Production batch retorts are available in varying diameters usually between 42” (1,100mm) and 80” (2,000mm). Lengths can vary between one or two baskets/positions to over twelve baskets/positions.

8. How long do retorts last?

If properly maintained, retorts can last for decades. Retorts are typically made from either carbon steel or stainless steel. Rust (oxidation) will deteriorate the former while stress corrosion cracking (SCC) causes expensive or irreparable damage to stainless steel vessels. SCC is caused by having high concentration of chlorides in the cooling water which will negatively react with stainless steel at high temperatures and pressures, particularly attacking the material at high stress points (i.e.: weld joints). Improperly installed retorts (i.e.: restricting expansion and contraction as the vessel heats and cools) can also cause damage to the retort and/or retort door(s).

9. How are containers moved through a retort operation?
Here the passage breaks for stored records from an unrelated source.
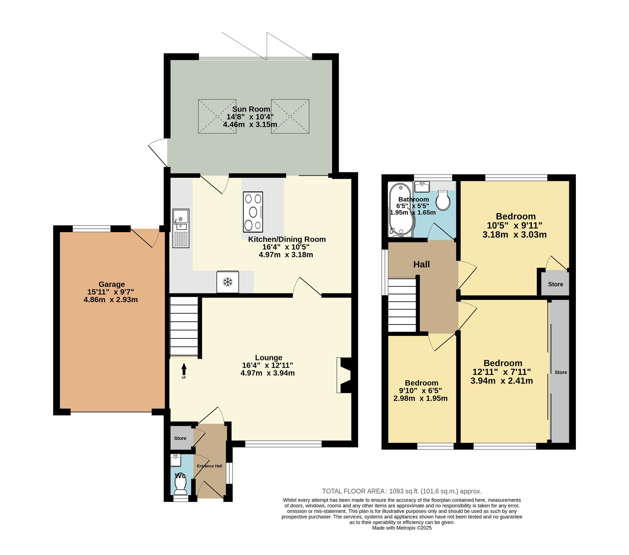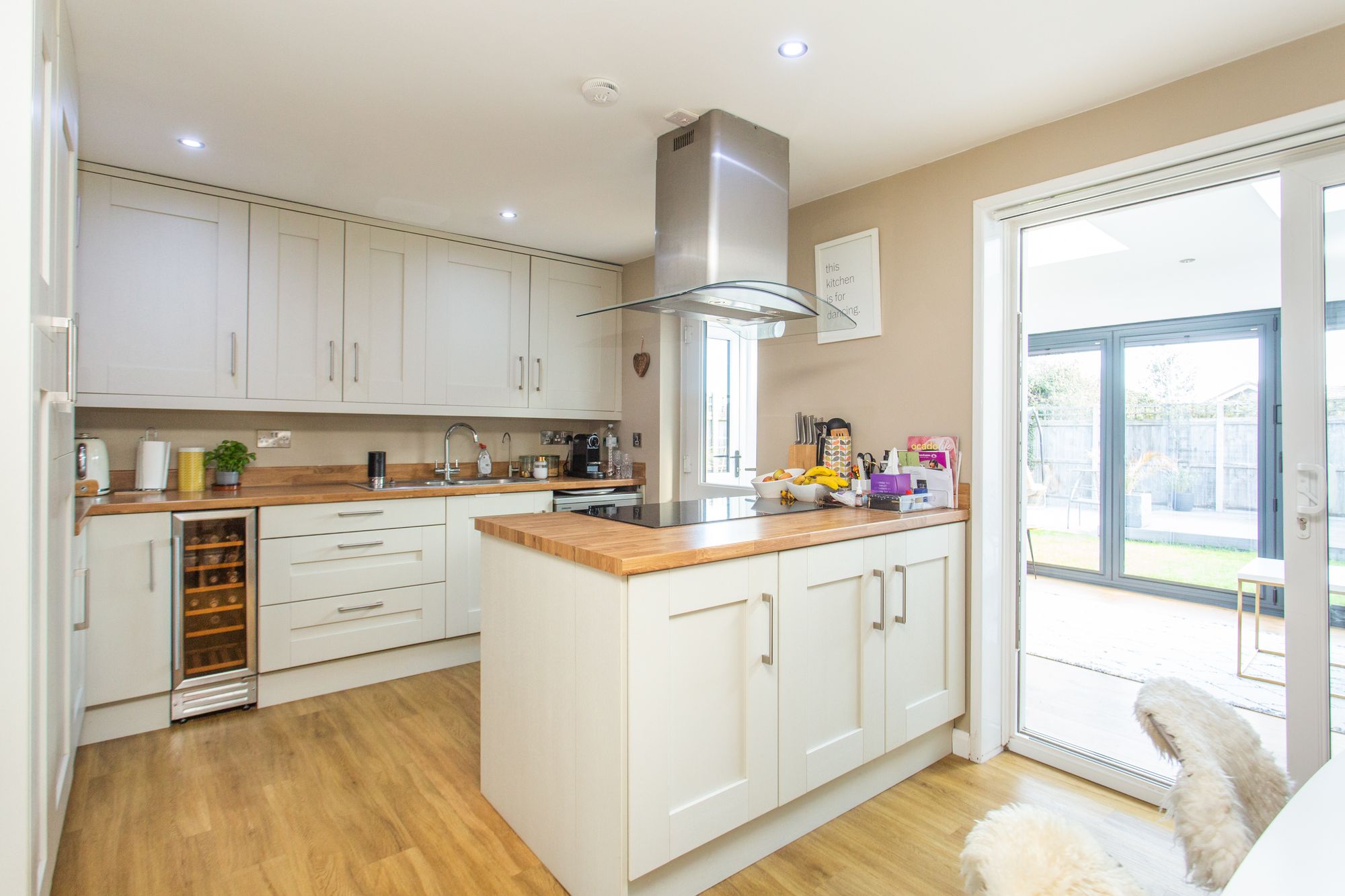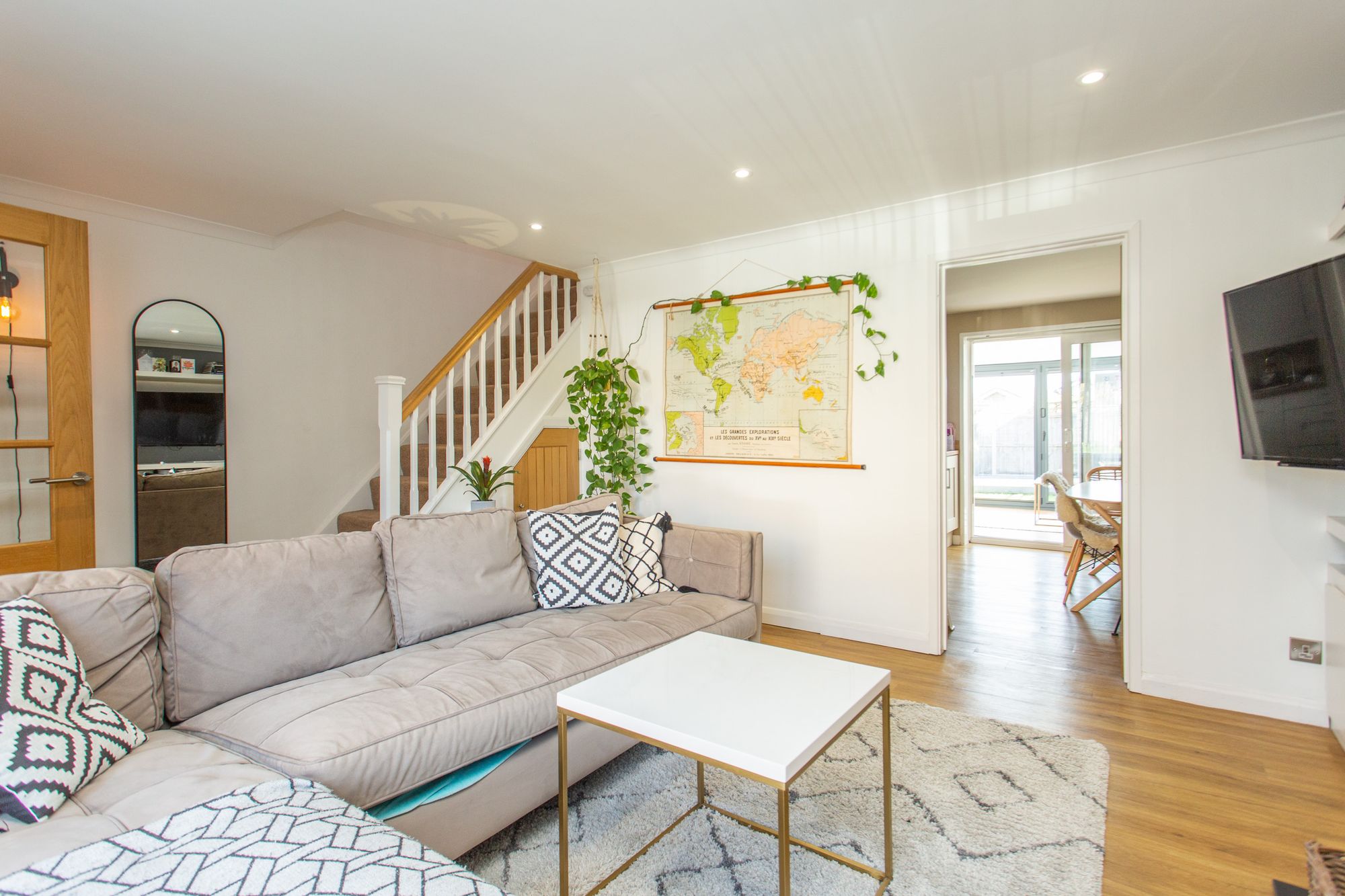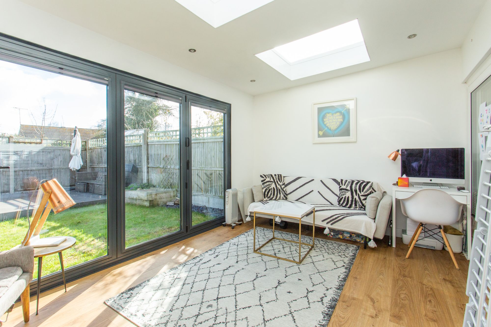 Upon entry, you are greeted by a entrance hall, leading into a spacious living room. The modern kitchen/dining area offers a perfect space for family meals and entertaining, and opens out onto an extended sunroom with bi-fold doors, bringing the outdoors in and providing a seamless connection to the rear garden. Additionally, there is a convenient cloakroom and a storage cupboard for added practicality. Upstairs, the landing leads to two double bedrooms, a comfortable single bedroom, and a family bathroom.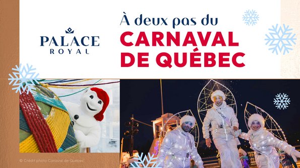 Ayant pignon sur rue en plein cœur du Vieux-Québec, le Palace RoyalCe lien s'ouvrira dans une nouvelle fenêtre de Les Hôtels JAROCe lien s'ouvrira dans une nouvelle fenêtre, est au centre même des activités du Carnaval. On ne saurait trouver un meilleur pied-à-terre pour participer pleinement à cet événement regorgeant d’activités toutes plus excitantes les unes que les autres. Idéalement situé près du Parlement du Québec et de la place D’Youville, ce joyau au cœur du Vieux-Québec, sera la plaque tournante de votre séjour à Québec et vous permettra d’être à quelques pas des festivités tout en ayant un endroit pour vous déposer et relaxer. Et après une longue journée à festoyer, un bon repas au Beffroi SteakhouseCe lien s'ouvrira dans une nouvelle fenêtre, ou un verre au Bar le Fou du RoyCe lien s'ouvrira dans une nouvelle fenêtre, sera de mise avant le retour vers votre chambre douilletteCe lien s'ouvrira dans une nouvelle fenêtre pour un repos bien mérité. Ce sera un immense plaisir pour nous de vous accueillir pour cette fête des neiges unique au monde.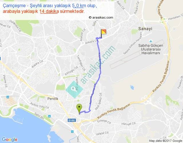 Çamçeşme - Şeyhli arası yaklaşık olarak 90 km/h ile yukarıda belirtilen sürede olup, iki yerin kuş uçuşu uzaklığı (mesafesi) 4'dir. Yolculuk otobüsle 18 dakika sürmektedir.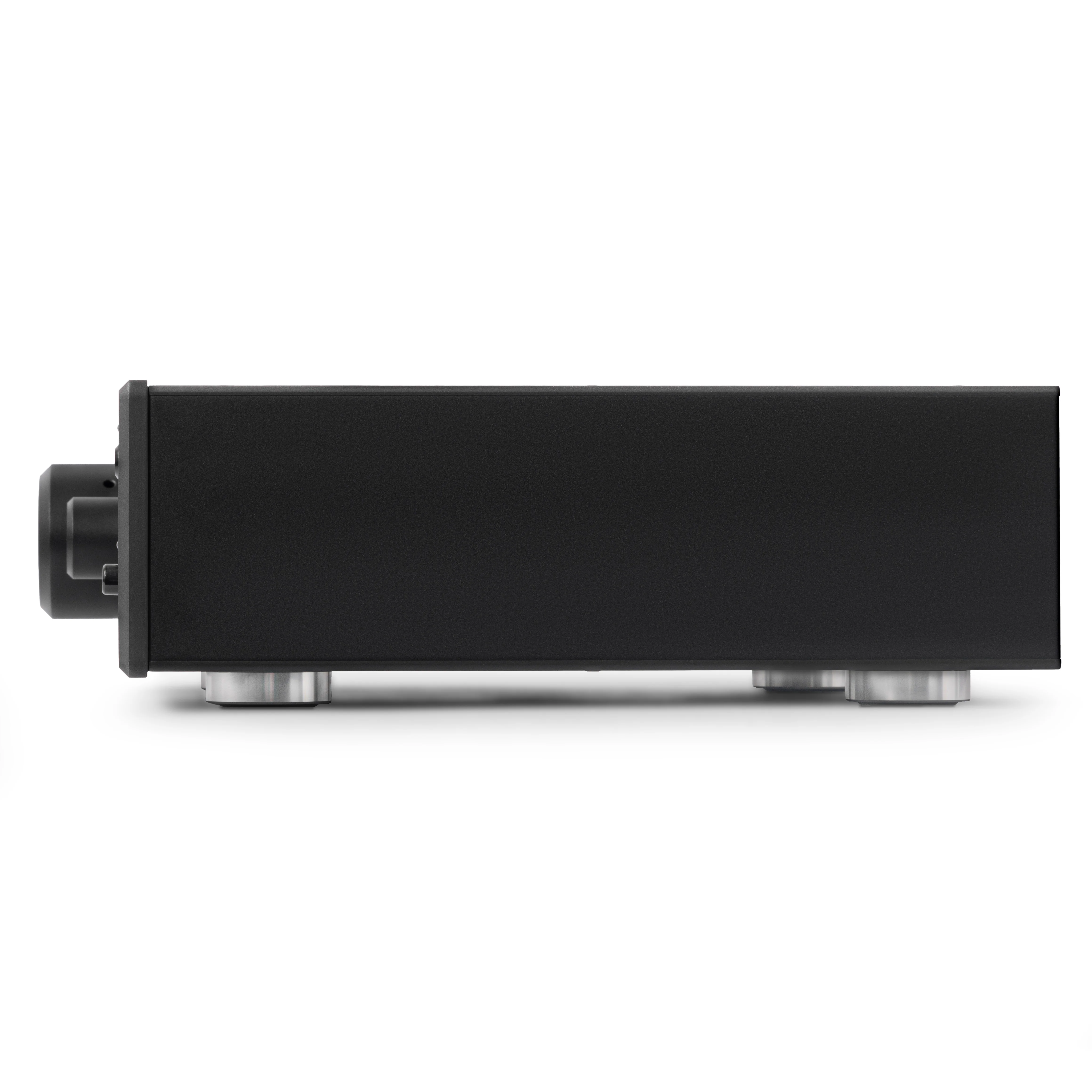 Дополнительные цепи защищают устройства от постоянного тока, перегрузки или перенапряжения и задерживают процесс включения для защиты наушников. Все компоненты тщательно собираются вручную и устанавливаются в тонкий корпус из черного анодированного алюминия с передней панелью толщиной в миллиметр.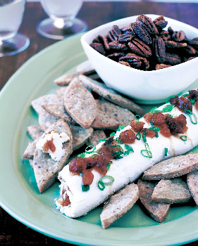 Blue Cheese Shortbread Leaves with Cream Cheese-Chutney Roulade
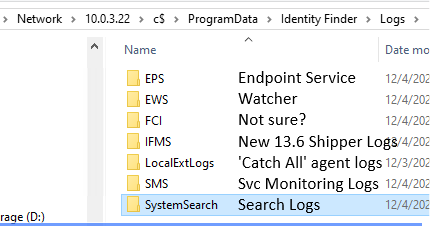 - C:\ProgramData\Identity Finder\Logs\SystemSearch

In a batch retort operation, the type of material handling equipment needed is determined by the type and volume of containers moving through it. Rigid containers such as cans and glass bottles/jars are loaded into baskets by sweep-type loaders and unloaders. Fragile and semi-rigid containers such as pouches and plastic bowls, cups, trays or pouches are loaded into retort trays by robotic systems or gantry-type loaders/unloaders. Plastic bottles are loaded and unloaded from baskets and specialized cartridge like trays by fragile container handling systems. Depending on the throughput needs and the diameter of the retorts, the product is either manually moved to and from the retorts by multiple operators pushing baskets or tray stacks of product on carts/trolleys. Or automatically transported to and from the retorts and loading and unloading system by specialized conveyors and/or shuttles, thus making the entire retort room fully automated and capable of being operated by one or two people.

10. How can retort processing be more sustainable?

There is really no way of getting around the fact that retorts consume large amounts of energy (heating) and water (cooling). There are however ways to “recycle” these resources in most cases. For example, Steam Heat Recovery Systems recapture the steam vented during the vent stage of a steam retort, thus creating a hot water source that can be used elsewhere in the plant. Water Recovery Systems reuse the hot and temperate water that is used to cool the product after the heating steps of a retort process.